Don't say "cluster", or you'll blow your cover. "Flight" of ducks would be better. Or if you really want to sound like an insider with down-and-dirty duck hunters, talk about calling in a "wad" of ducks.


----------



## Kevin (May 17, 2014)

Oh I know duck lingo I had shot and feathered (and ate) more ducks by the time I was 14 than most men ever see. I was trying to make a pun. A cluster duck. Like a duck wad. Baaaaad attempt on my part. . . . .

Reactions: Funny 3


----------



## ghost1066 (May 17, 2014)

Beautiful boxes and call. Great job.

Reactions: Thank You! 1


----------



## NYWoodturner (May 17, 2014)

Beautiful craftsmanship on both pieces, along with a great gesture.

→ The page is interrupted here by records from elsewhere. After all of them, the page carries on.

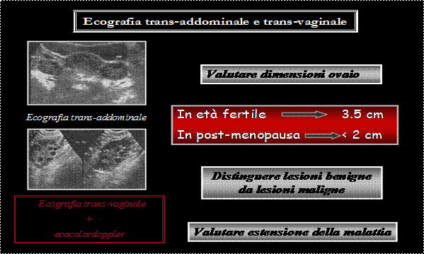 L'unico raziocinio sono i fattori di rischio, il tumore è + frequente dopo la menopausa, perciò esame pelvico eco soprattutto transvaginale, ricerca delle dimensioni dell'ovaio che se in menopausa o in perimenopausa suerano i3cm bisogna sempre sospettare l'inizio di una patologia ovarica che a quest'età predispone per una patologia di tipo maligno. Il tumore una volta insorto da un'alta mortalità dei casi colpiti.
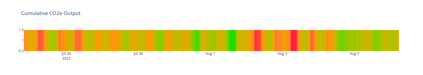 The amount of extra CO2e emitted by the grid if you turned on an appliance, in gCO2e/kwh. Heavily influenced by sources of power and the operational status of power-plants, meaning it has much longer cycles than the Cumulative Output.
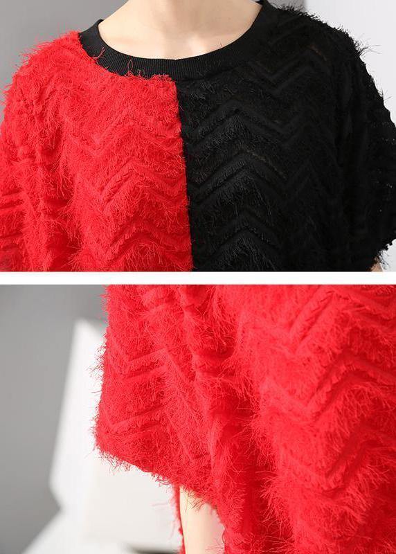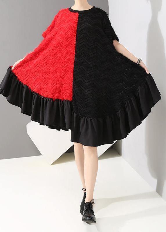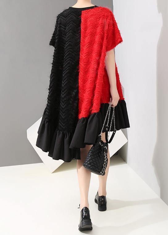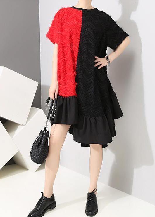 Handmade pattern Fun Short Sleeve Asymmetrical Round Neck Dress - SooLinen
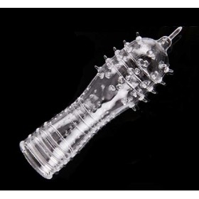 Với chất liệu silicon trong suốt, dày hơn giúp dương vật to hơn, dài hơn, giúp làm giảm độ tiếp xúc trực tiếp giữa đầu dương vật và âm đạo, hỗ trợ kéo dài quan hệ theo ý muốn mà không lo bị mất khoái cảm giữa chừng.
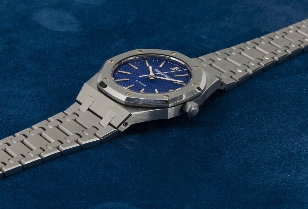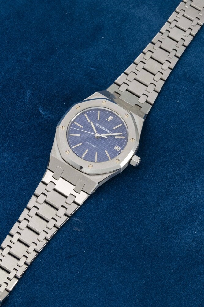 This particular piece features a vibrant blue dial, rarely seen, dubbed by collectors "Yves Klein", for its resemblance to the deep blue hue first mixed by French artist Yves Klein. Evidence suggests that the dial was manufactured by Stern Creations, the famous dial manufacturer who also made the dials of the original Royal Oak ref. 5402.

Reactions: Thank You! 2 | Agree 2


----------



## myingling (May 17, 2014)

Great work to both

Reactions: Thank You! 2


----------



## DKMD (May 17, 2014)

Too cool! Beautiful call and an equally impressive box!

Reactions: Thank You! 2


----------



## SENC (May 18, 2014)

Thanks, guys, for all the compliments. It is fun making one for someone so deserving, though a little nerve-wracking hoping that it will satisfy.

I will admit that this call was not made without incident. The insert pictured in the call is actually the second insert I started. I was soooo close to finishing the night before when my first insert exploded on me as I was making final cuts on the exhaust end... likely just a weakness somewhere within the blank that reacted to a minor catch.

Reactions: Like 3


----------



## Kevin (May 18, 2014)

This call has such precision I just want to send it on a tour so people who don't know, can appreciate it. It's like Mike said, he never was able to appreciate the calls to the extent he does now because he has one in hand. I have calls from quite a few members and no kidding they are all fantastic quality pieces of working, woodworking. But this one just looks like aircraft quality tolerances. That's not saying the other calls I have are not. Thanks for showing the exploded one Henry - it shows us you aren't perfect after all.

Reactions: Like 1 | Thank You! 1 | Agree 2


----------



## DKMD (May 18, 2014)

Kevin said:


> ... Thanks for showing the exploded one Henry - it shows us you aren't perfect after all.



Was there ever any real concern about perfection?

Reactions: Funny 2


----------



## SENC (May 18, 2014)

Keller is the winner! I couldn't decide who would be along first to knock over my pedestal, you or Tony.

Reactions: Funny 3


----------